Under the agreements involved here, however, the putative guarantor (taxpayer) has the power to unilaterally choose critical components that define the underlying obligation, such as the interest rate to be used in calculating rent. The putative guarantor also has the ability to change the terms of the underlying obligations through agreement with the creditor (ARI), without the consent of the putative lessee/debtor (Consultants). Each of these facts is a strong indication that, in substance, the putative guarantor is, in fact, the principal obligor.
The nature and satisfaction of payment obligations under the terms of the documents and in practice are also indicators of taxpayer's role as principal obligor rather than guarantor. Actual payment to ARI comes from taxpayer and not the Consultants. More importantly, the payment obligation is fully recourse to taxpayer. However, the payment obligation is not, in practice, recourse to each Consultant.

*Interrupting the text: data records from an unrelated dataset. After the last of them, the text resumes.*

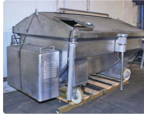
Eglin S/S Butter Boat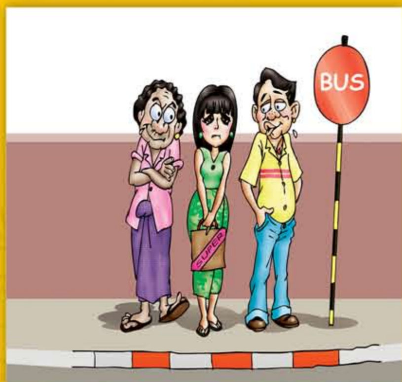
Ngang ai myi hte yu ai lam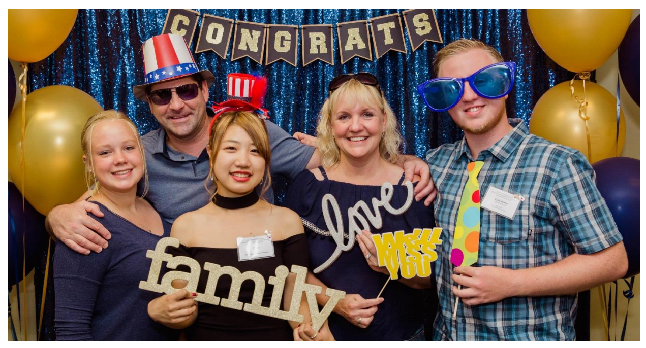
A host family & TCC Students

Thank you for choosing to participate in the Tacoma Community College (TCC) Homestay Program. Through Homestay, international students experience life in an American household as they pursue their academic goals. For those who have seen the United States only through books and movies, the program offers a rare opportunity to glimpse the ways in which real Americans live. Daily contact with hosts helps students develop conversational English skills, and the living assistance provided allows them to concentrate on their studies. Homestay students tend to do better in classes and the bonds of friendship established between hosts and students can last a lifetime.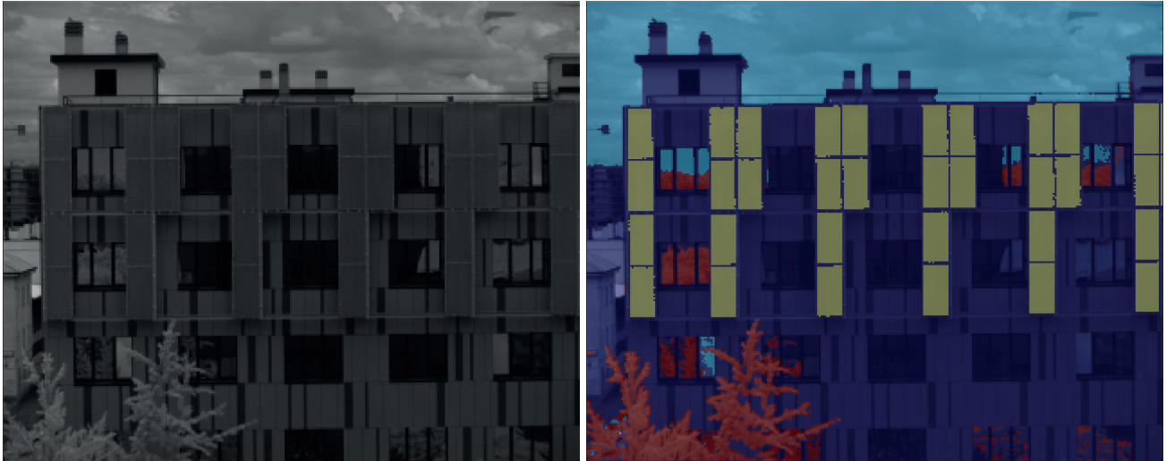
Example of Hyperspectral Imaging for remote sensing. The image on the right is the result of a classification algorithm, which distinguishes the sky (light blue), the buildings (purple), the tree (and their reflections in the windows of the building, in red) and the solar panels (in yellow).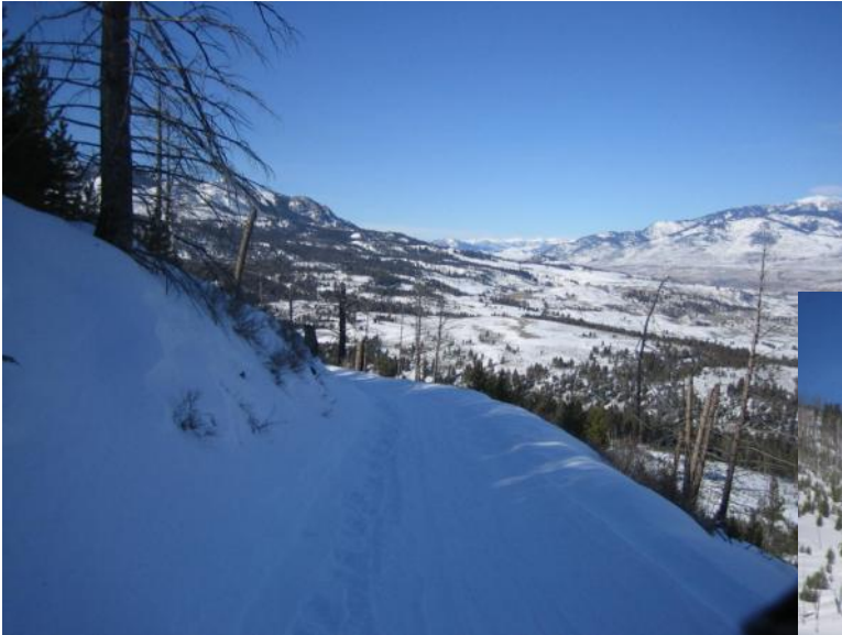
Overview from the edge of Sheepeater Canyon down to the Mammoth Hot Springs hotel complex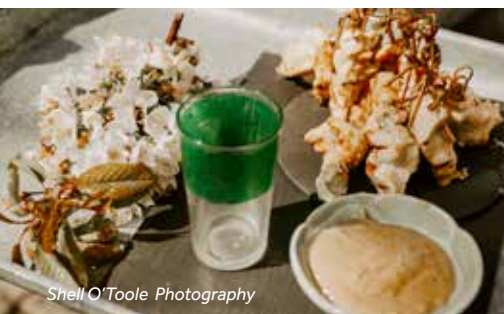
Shell O'Toole Photography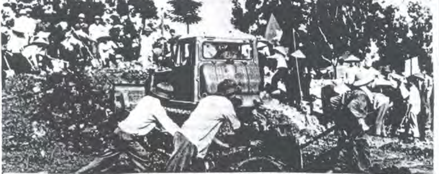
Picture shows Vietnamese youth rebuilding Bac Giang city in North Vietnam. The United States reneged on their promise to assist in the rebuilding of the country they attempted to destroy .

All sections of the population have been involved and Thieu is losing even the closest of his supporters. As the statement says, "the conditions of the people in the Salgon-held areas are more miserable than ever, Millions of people have been herded into concentration camps; hundreds of thousands of political prisoners are being detained in the US-Saigon tails: taxes and rents are much heavier; prices are on the increase; life is more difficult, unemployment more serious, and poverty and starvation are seen everywhere; US weapons, ammunition and war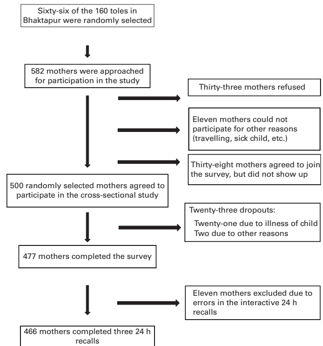
Fig. 1. Flow chart of the recruitment of the study subjects.

Women came to the hospital to receive physical examinations, dietary interviews and blood draws. The first woman was enrolled in January 2008 and the last in February 2009. The inclusion criteria were that they were lactating, had no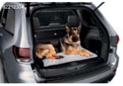
CARGO BARRIER. Minimize distractions when you travel and keep your four-footed family member safely restricted to the rear cargo area of your Grand Cherokee. This adjustable, low-glare, black steel barrier is custom- interior carpet. The mat is easy to remove for cleaning. fitted and ready to install.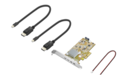
ThinkStation USB4 Dual Port PCIe Card

Notwithstanding the formal obligation of each Consultant to pay rent to ARI, a Consultant can walk away from or become disqualified from the Career Car Program and have no personal liability to ARI.
(2) Recourse and Non-recourse Nature of Various Obligations
The non-recourse obligation of each participating Consultant should also be compared to the recourse obligation that exists between taxpayer and each participating Consultant. If a Consultant qualifies for the Career Car Program, taxpayer makes the full rental payment due to ARI and reports the payment as an additional commission to the Consultant. If a Consultant falls below the required production level, taxpayer continues to make the full rental payment to ARI and requires a co-payment from the Consultant to taxpayer. In such situations, taxpayer may offset any co payment amount due against any commissions due from taxpayer to the Consultant. If the offset is insufficient, the Consultant has a personal obligation to pay taxpayer any amount due.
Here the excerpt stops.